Cloning, Expression, and Characterization of a Cold-Active and Organic Solvent-Tolerant Lipase from Aeromicrobium sp. SCSIO 25071  

Su, Hongfei (Key Laboratory of Tropical Marine Bio-Resources and Ecology, South China Sea Institute of Oceanology, Chinese Academy of Sciences)

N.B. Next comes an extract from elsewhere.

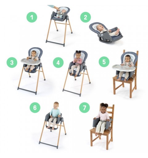 Krzesełko Ingenuity Proper Positioner 7w1 oferuje aż siedem różnych trybów, które dostosowują się do potrzeb dziecka od narodzin aż do 5 roku życia. Jego innowacyjny design wspiera prawidłową postawę i sprzyja lepszemu trawieniu, zarówno u niemowląt, jak i u starszych maluchów.

Mai, Zhimao (Key Laboratory of Tropical Marine Bio-Resources and Ecology, South China Sea Institute of Oceanology, Chinese Academy of Sciences)
Yang, Jian (Key Laboratory of Tropical Marine Bio-Resources and Ecology, South China Sea Institute of Oceanology, Chinese Academy of Sciences)
Xiao, Yunzhu (Key Laboratory of Tropical Marine Bio-Resources and Ecology, South China Sea Institute of Oceanology, Chinese Academy of Sciences)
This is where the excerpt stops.